Gilbert et al; Large Language Model AI Chatbots Require Approval as Medical Devices 2023
Large Language Model AI Chatbots Require Approval as Medical Devices
Gilbert, Harvey, Melvin, Vollebregt & Wicks · Nature Medicine · 2023
Current LLM chatbots do not meet the international principles for AI in healthcare — including bias control, explainability, transparency, and oversight — and their near-infinite, unverifiable outputs effectively preclude approval as medical devices under current EU and US regulatory frameworks.
Research Question
When LLM chatbots such as ChatGPT are applied to clinical or patient-facing tasks, do they constitute medical devices under existing EU and US law, and can they realistically achieve regulatory approval in their current form?
The Regulatory Reality
Under EU law (MDR 2017/745) and US FDA guidance, any software that performs more than simple database functions to assist in diagnosis, prevention, monitoring, prediction, prognosis, treatment, or disease alleviation is classified as a medical device. Most proposed clinical LLM applications fall squarely within this definition, making regulatory approval a legal requirement rather than a recommendation.
The Fundamental Problem
LLMs generate “reasonable continuations” of text drawn from vast, unvetted web data. They have near-infinite input/output spaces, no inheritable quality assurance, and a well-documented tendency to “hallucinate” plausible but false information. This makes pre-market verification, risk mitigation, and post-market surveillance technically impossible under current frameworks — ruling out valid marketing as medical devices in the EU.
A Path Forward Exists
The authors outline concrete steps developers can take: limiting intended scope, applying quality management systems immediately, training on validated medical corpora, constraining outputs, conducting clinical trials, and implementing real-time fact-checking. Emerging models with fewer hallucinations (e.g., GatorTron, trained on 82 billion words of de-identified clinical text) suggest progress, though public details remain insufficient to assess current approvability.

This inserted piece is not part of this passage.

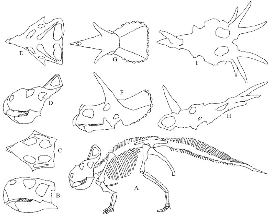 Diversity of ceratopsian skulls. A) Skeleton of Protoceratops. B) to I) Skulls. B) & C) Psittacosaurus side & top. D) & E) Protoceratops side & top. F) & G) Triceratops side & top. H) & I) Styracosaurus side (without lower jaw) & top.

Disclaimers Are No Defence
The authors cite DxGPT as an example of a tool already directing users to enter patient data for diagnostic suggestions while calling itself a “research experiment.” They argue such disclaimers do not exempt developers from medical device law: experimentation on human subjects must occur in properly controlled, authorised clinical trials with appropriate patient safeguards.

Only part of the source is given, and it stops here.